Find the string "Модель" in the data, then copy every line where it is found.

Exercise material
»»

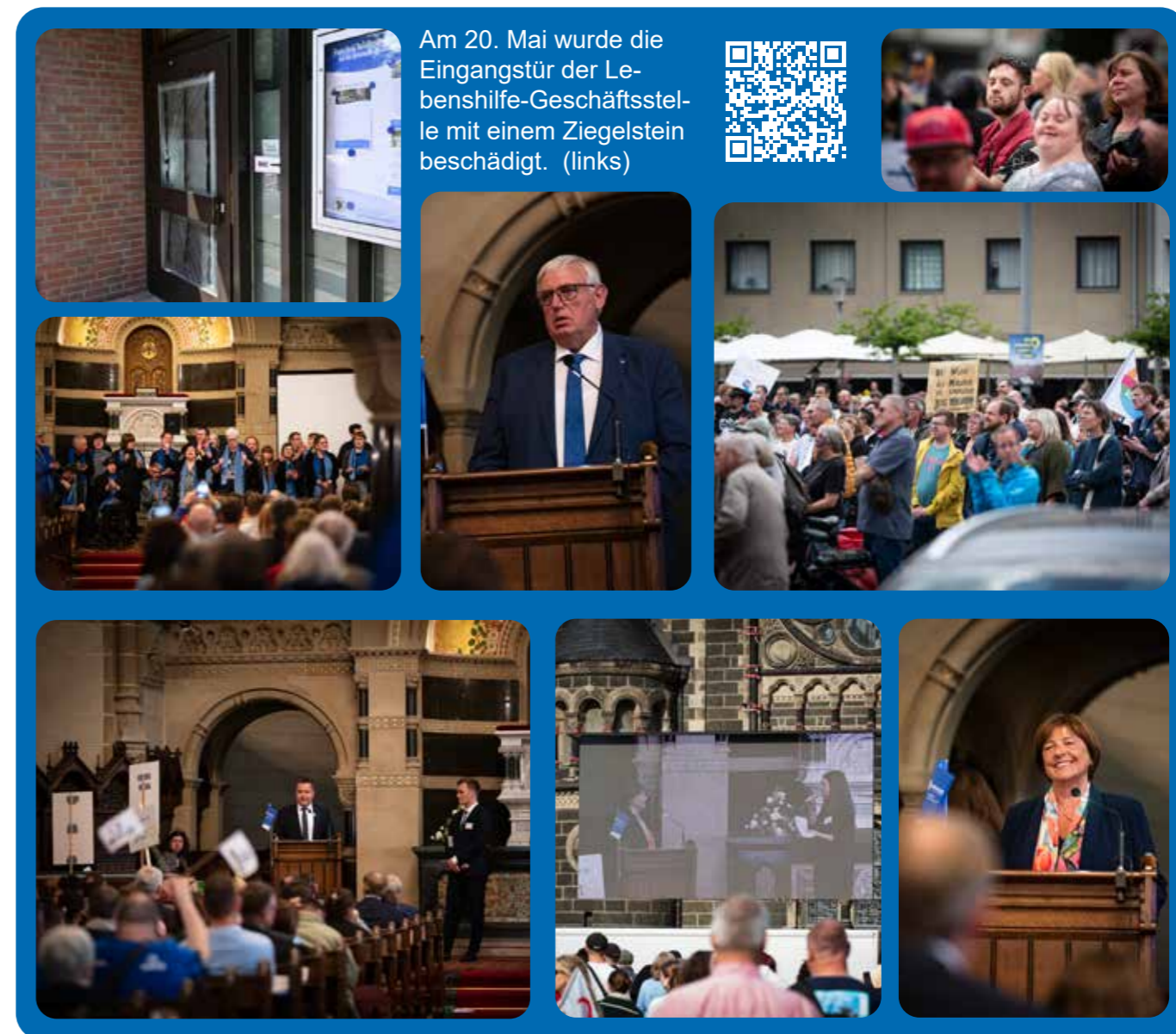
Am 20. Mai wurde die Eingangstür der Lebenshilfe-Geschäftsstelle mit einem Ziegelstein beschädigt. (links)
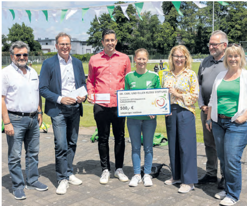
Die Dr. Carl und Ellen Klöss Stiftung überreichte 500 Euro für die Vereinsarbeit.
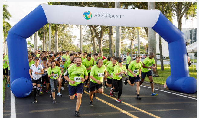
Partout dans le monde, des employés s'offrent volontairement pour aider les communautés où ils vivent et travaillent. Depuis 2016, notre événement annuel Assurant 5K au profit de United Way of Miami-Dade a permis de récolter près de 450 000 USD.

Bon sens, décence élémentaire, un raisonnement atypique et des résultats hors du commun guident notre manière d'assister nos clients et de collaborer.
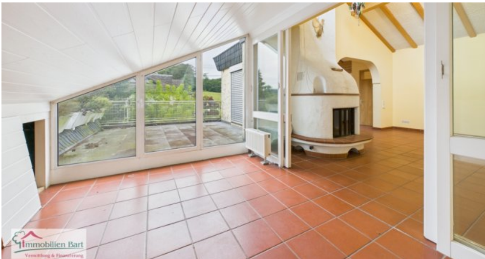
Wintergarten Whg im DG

««
»»

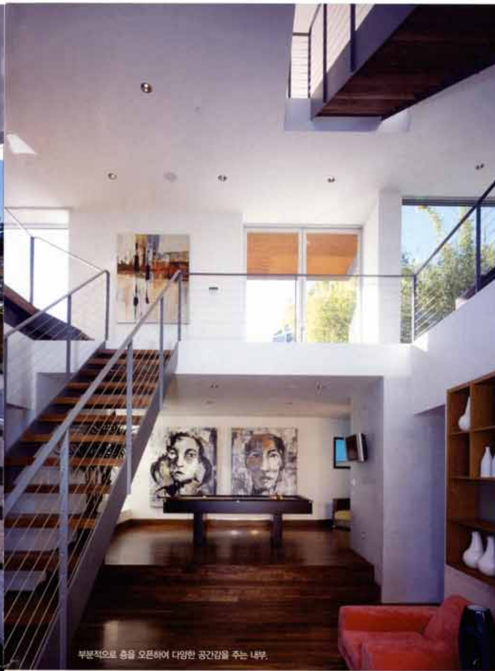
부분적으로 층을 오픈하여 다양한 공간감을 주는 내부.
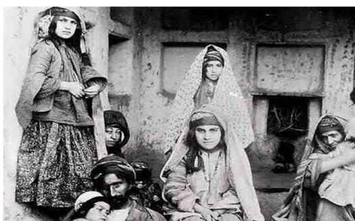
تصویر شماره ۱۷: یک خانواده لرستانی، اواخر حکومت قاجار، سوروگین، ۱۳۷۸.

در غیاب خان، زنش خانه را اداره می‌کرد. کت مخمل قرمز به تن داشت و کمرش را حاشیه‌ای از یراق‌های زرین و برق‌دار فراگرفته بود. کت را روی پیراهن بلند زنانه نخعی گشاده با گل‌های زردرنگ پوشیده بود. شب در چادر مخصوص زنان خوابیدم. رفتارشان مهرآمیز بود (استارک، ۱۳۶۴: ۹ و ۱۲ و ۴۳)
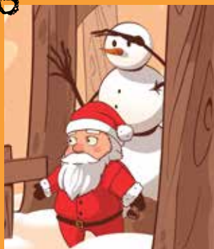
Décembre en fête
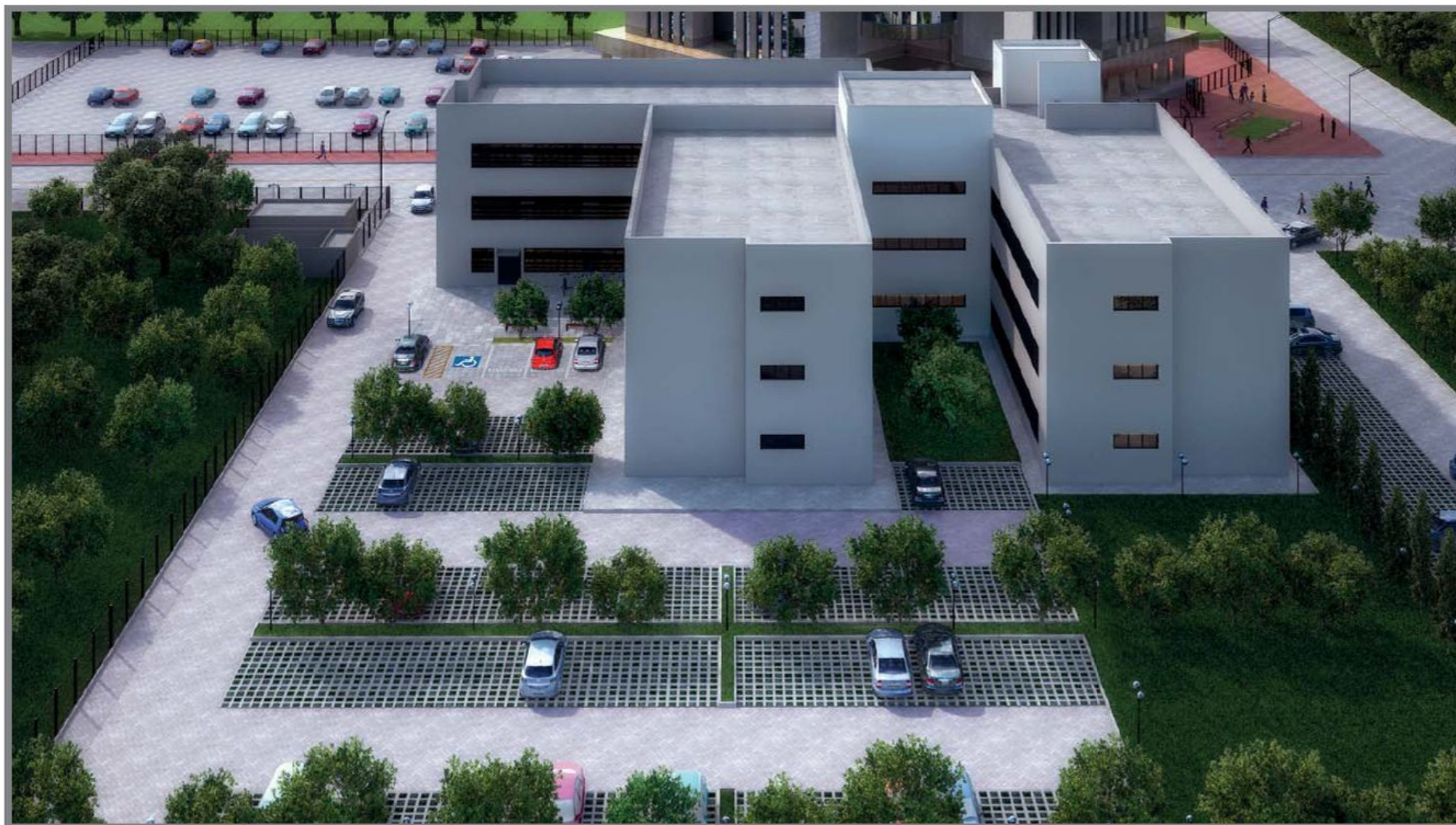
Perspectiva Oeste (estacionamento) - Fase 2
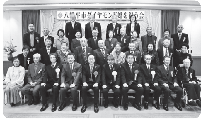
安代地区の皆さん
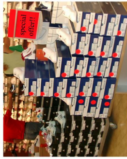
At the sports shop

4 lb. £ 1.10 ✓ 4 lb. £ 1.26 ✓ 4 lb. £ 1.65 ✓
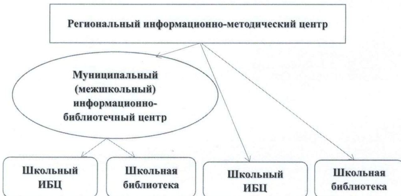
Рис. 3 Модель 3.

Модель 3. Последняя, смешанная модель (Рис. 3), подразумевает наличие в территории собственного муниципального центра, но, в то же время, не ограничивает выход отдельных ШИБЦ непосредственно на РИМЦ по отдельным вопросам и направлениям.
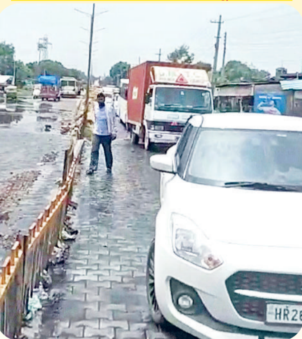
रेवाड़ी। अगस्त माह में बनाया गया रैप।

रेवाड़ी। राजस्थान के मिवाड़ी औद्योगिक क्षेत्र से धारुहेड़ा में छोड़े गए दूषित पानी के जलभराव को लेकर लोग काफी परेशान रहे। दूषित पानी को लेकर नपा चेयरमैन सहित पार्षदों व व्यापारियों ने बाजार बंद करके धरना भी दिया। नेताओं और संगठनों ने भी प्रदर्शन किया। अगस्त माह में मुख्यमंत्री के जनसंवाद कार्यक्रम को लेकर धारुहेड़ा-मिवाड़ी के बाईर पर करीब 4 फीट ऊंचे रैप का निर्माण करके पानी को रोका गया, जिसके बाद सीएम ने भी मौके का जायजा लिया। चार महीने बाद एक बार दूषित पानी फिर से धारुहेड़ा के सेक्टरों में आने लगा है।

««
»»

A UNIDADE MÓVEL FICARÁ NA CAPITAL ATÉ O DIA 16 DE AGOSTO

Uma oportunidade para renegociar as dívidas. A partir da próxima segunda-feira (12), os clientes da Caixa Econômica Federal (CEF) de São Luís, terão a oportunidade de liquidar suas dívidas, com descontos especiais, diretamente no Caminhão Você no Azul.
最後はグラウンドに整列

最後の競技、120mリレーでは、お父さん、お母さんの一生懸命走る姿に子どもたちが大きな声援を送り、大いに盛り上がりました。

««

Solution to this problem
Рис. 3 Модель 3.
Модель 3. Последняя, смешанная модель (Рис. 3), подразумевает наличие в территории собственного муниципального центра, но, в то же время, не ограничивает выход отдельных ШИБЦ непосредственно на РИМЦ по отдельным вопросам и направлениям.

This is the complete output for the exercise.